WORK ORDER: Output word for word the lines from the one with "- Mini Tongue" to the final line of the data, both ends included, but skip the pictures.

MATERIAL PROVIDED:
-=-=-=-=-
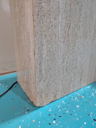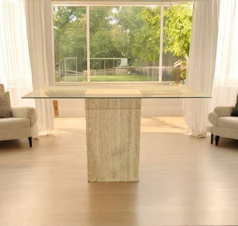 Italian Artedi Travertine Glass Console table. It is a vintage 1970s narrow console table consisting of a travertine rectangular base and a glass top, which is not the original glass. The top is supported by a pair of brass stretchers which are embedded in the travertine base.
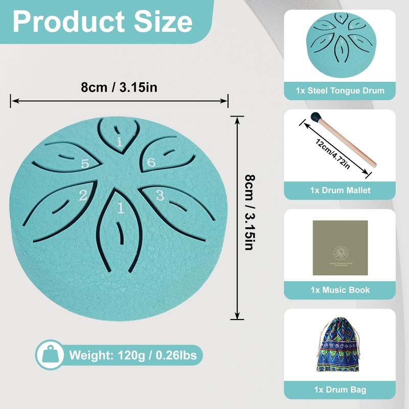 - Mini Tongue Drum:Designed with a mini pocket size, this 3 inch mini rain drum is very portable. Its small size as musical instruments on the go, allows you to create beautiful melodies whenever and wherever you want
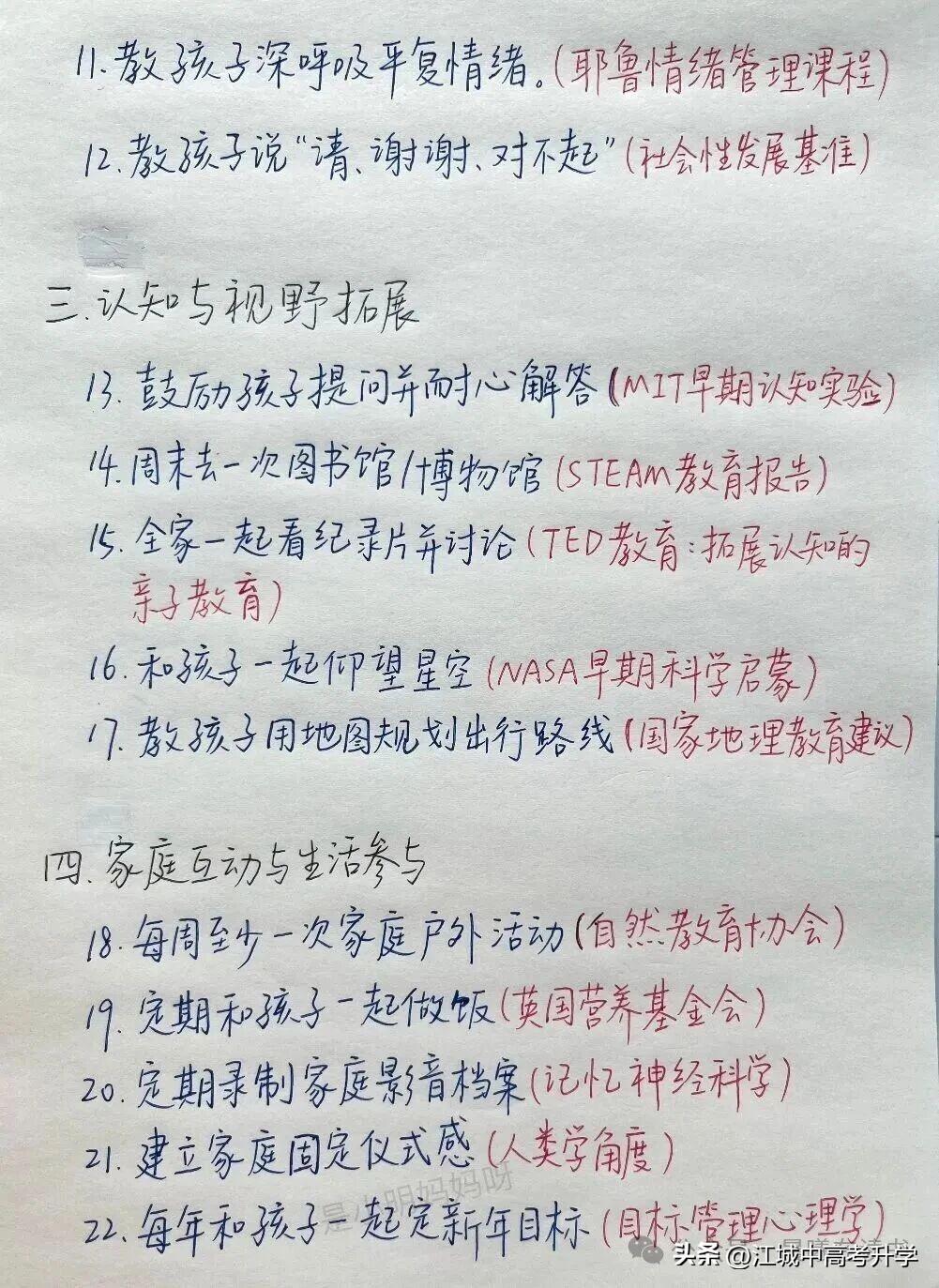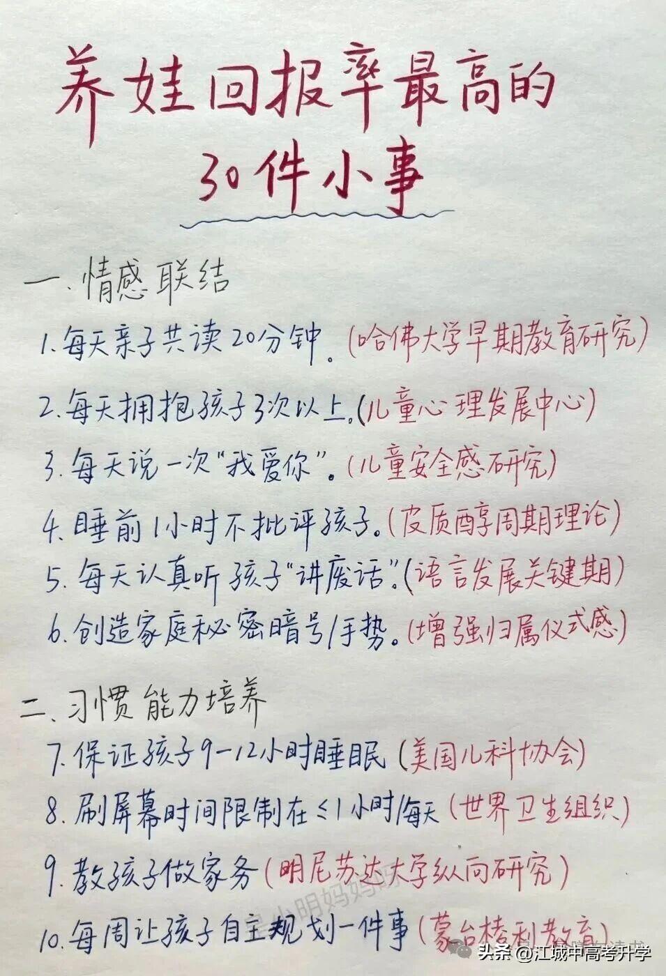 养娃回报率最高的30件小事 养娃不是一朝一夕的事情, 在孩子成长的过程中总会碰到这样那样的问题, 如今的孩子普遍存在的问题, 就是信念感、目标感缺失的问题, 不知道为什么要学习, 不是为自己而学习, 都是为父母、为家长在学习。 如今孩子为什么抑郁的风险那么高, 没有目标、没有信仰、没有敬畏, 都活在自己的世界里, 就如同没有根的浮萍,随波逐流 都在不断的消耗着自己的能量。 养孩子最重要是养心态, 自己的心稳,孩子的心才能定, 要培养孩子能面对未来一切困难的勇气, 才是王道,至于成绩,那只是锦上添花。
-=-=-=-=-
SOLUTION TO THIS PROBLEM:
 - Mini Tongue Drum:Designed with a mini pocket size, this 3 inch mini rain drum is very portable. Its small size as musical instruments on the go, allows you to create beautiful melodies whenever and wherever you want
 养娃回报率最高的30件小事 养娃不是一朝一夕的事情, 在孩子成长的过程中总会碰到这样那样的问题, 如今的孩子普遍存在的问题, 就是信念感、目标感缺失的问题, 不知道为什么要学习, 不是为自己而学习, 都是为父母、为家长在学习。 如今孩子为什么抑郁的风险那么高, 没有目标、没有信仰、没有敬畏, 都活在自己的世界里, 就如同没有根的浮萍,随波逐流 都在不断的消耗着自己的能量。 养孩子最重要是养心态, 自己的心稳,孩子的心才能定, 要培养孩子能面对未来一切困难的勇气, 才是王道,至于成绩,那只是锦上添花。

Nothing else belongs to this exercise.